In November, BHG announced the launch of its Txai Ganchos Project, in partnership with Lindencorp Desenvolvimento Imobiliario S.A., and Cipasa Desenvolvimento Urbano S.A. This development project will be made up of 132 hotel units built on 530,000 m² of land, occupying only 6.6% of the area and preserving all the rest, with nearly 30% of the first phase already sold.
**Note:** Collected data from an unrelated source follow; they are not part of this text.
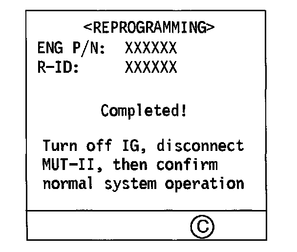To verify that the correct reprogramming has been made, the ROM ID number will display on the MUT-II screen. Note this number. The table in Attachment A lists the ECU part numbers and ROM ID numbers that should display after reprogramming, and their corresponding vendor numbers.
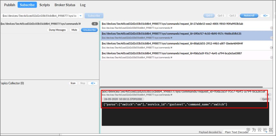 点击“Subscribe”按钮,完成平台命令下发订阅。
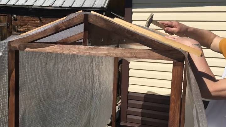 А к доскам на крыше привязать верёвки и сделать опору! Огурцам очень тепло и комфортно в таком чудесном домике.
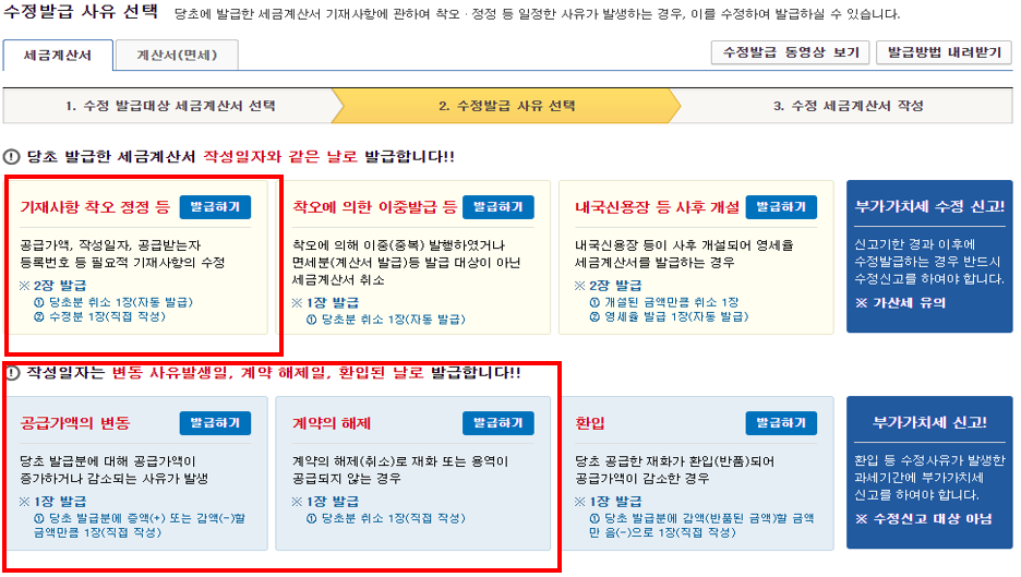 1) 기재사항 착오 정정 등 : 계산서 날짜, 금액 등이 잘못 기재되어 취소 및 수정계산서를 같이 발행해야 하는 경우
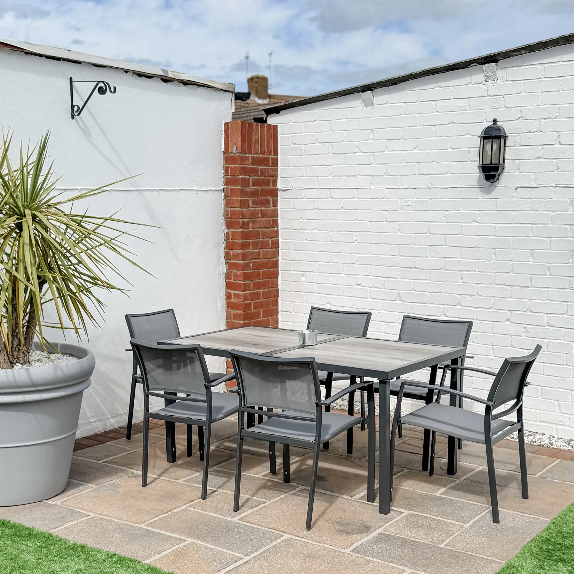 Maak van je buitenruimte een plek om te genieten – bestel vandaag nog de [BRAND NAME] tuintafel met 6 stoelen.
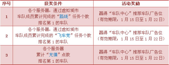 2. 单个服务器中单支车队,最多可对应1项获奖条件;
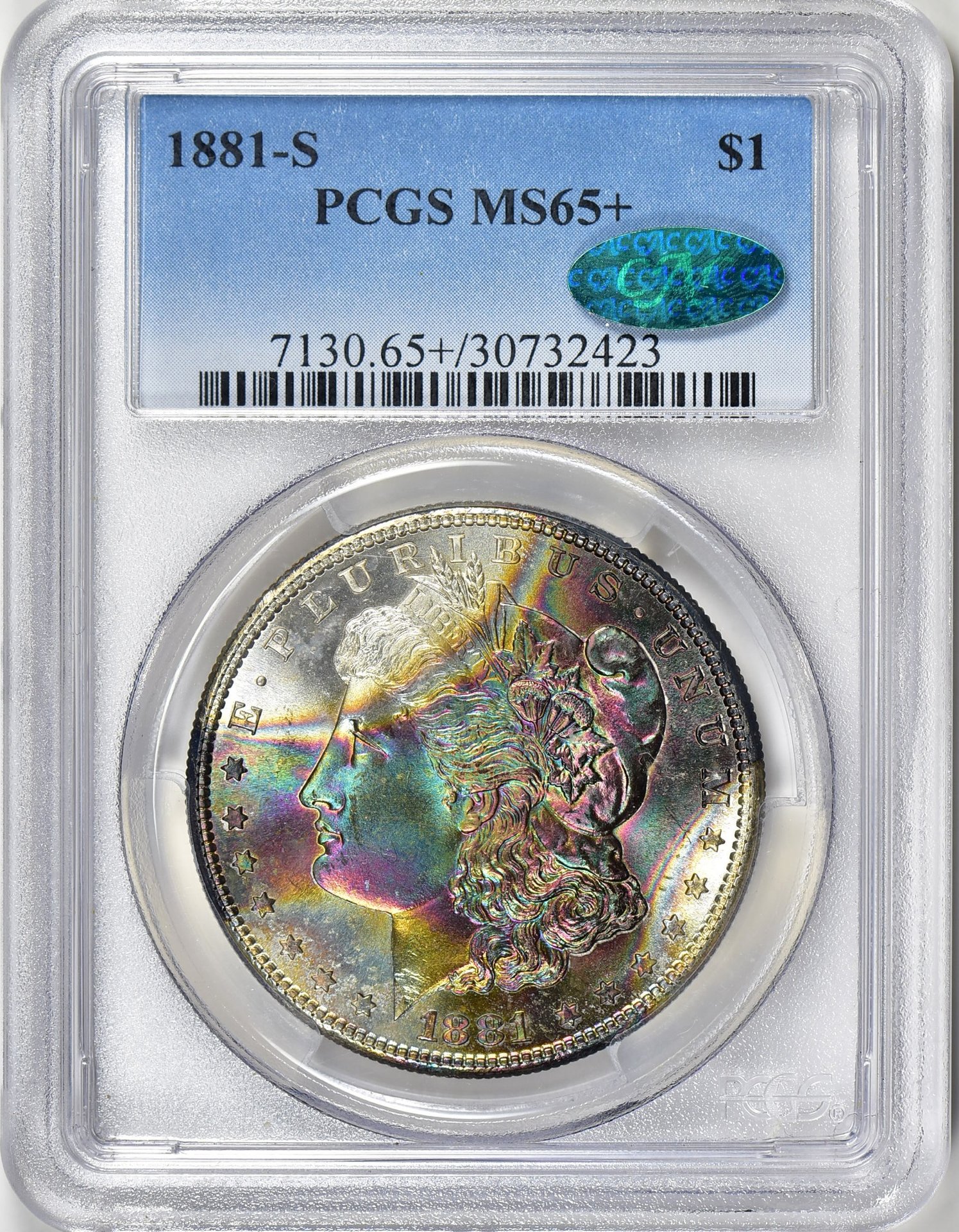 Well this was a tricky one as there were three possible answers! Congrats if you guessed any of the following: MS 65+ , 67+ , or 68 ! https://www.greatcollections.com/Coin/339820/1881-S-Morgan-Silver-Dollar-PCGS-MS-65-CAC-Toned https://coins.ha.com/itm/morgan-dol...6-4968.s?ic4=ListView-ShortDescription-071515 https://www.pcgs.com/cert/35823232
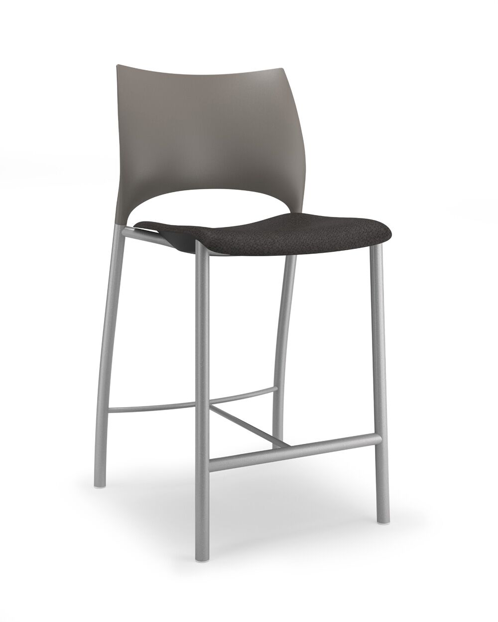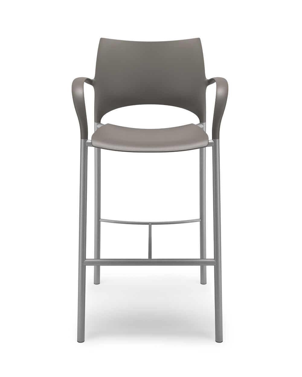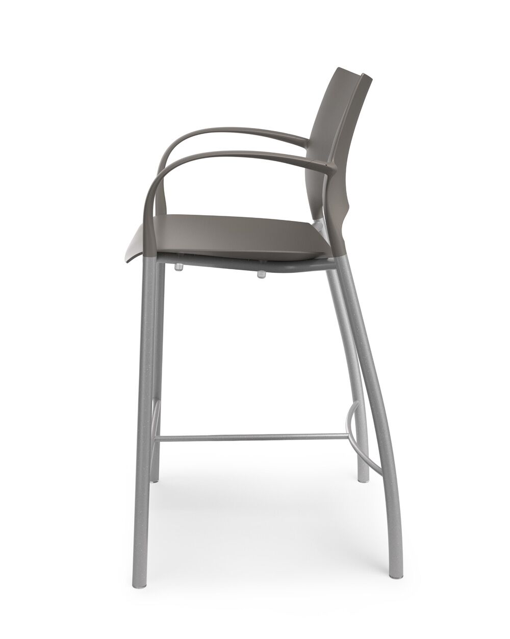 Loon, whose graceful arcs and sculptural form were inspired by nature, is a side or stacking chair, available in multiple styles and options. The chairs, counterstools, and barstools, can be specified with a simple molded nylon seat and back, with an upholstered seat and nylon back, or with an upholstered seat and upholstered back pad. All are available with and without arms, and chairs can add casters, ganging, or tablet arm options. The nylon shell is available in 9 standard colours, the steel frame in powder coat or chrome. Chairs stack 6 on the floor and 10 on the dolly. Five tables with round or square laminate tops are available in 2 heights.
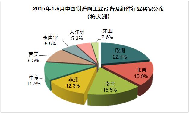 二. 2016年1-6月中国工业设备及组件行业出口分析

Moving forward with its plan to invest in urban hotels focusing on business tourism, in the beginning of 2011 BHG announced that it had signed a memorandum of understanding for sale of the shares of Txai Itacare and the Txai brand. The Company will continue to manage the hotel for the next 10 years, and retain the right to use the brand for the development of future launchings from the landbank, if necessary.
Recently, at a meeting held on February 4, 2011, the Board of Directors approved an increase in Company stock of approximately R$ 85 million, through the issue of 4,594,594 shares of common stock, raising the capital stock of BHG to R$ 725,774,759.16.
In 2010 we announced the acquisition of hotels and companies owning hotel assets as well as management of hotels that added 1,505 rooms to our network, also including the signing of an irrevocable and non-negotiable promise to purchase shares representing the stock of Brascan Imobiliaria Hotelaria e Turismo S.A., called the "Hotel Intercontinental," in Sao Conrado – Rio de Janeiro, with 418 suites (the deal was finalized in March of 2011).
In 2010 we also announced the acquisition of a minority participation in Rede Everest Hoteis (two hotels in Rio de Janeiro and 1 hotel in Porto Alegre) and the signing of an irrevocable and non-negotiable promise to purchase the Hotel Rio Palace (Sofitel Copacabana), an establishment with 388 rooms, between the beachfront of Copacabana and Ipanema, in Rio de Janeiro, which is subject to a pending court ruling.
BHG closes the year with R$ 174.1 million in cash and debt of R$128.0 million, which makes it, therefore, a Company with net cash of R$46.1 million. The Company will surge ahead at the same pace in 2011, seeking growth that is sustainable and robust, through the acquisition, management and development of hotels all over Brazil.
Who we are:
BHG S.A. – Brazil Hospitality Group is one of the leading companies in the Brazilian hotel industry, with its own hotels as well as those it manages divided into categories of 3, 4 and 5 stars. The company is responsible for the Golden Tulip brand in South America.
BHG is a public company, whose shares are traded on the Novo Mercado of Bovespa.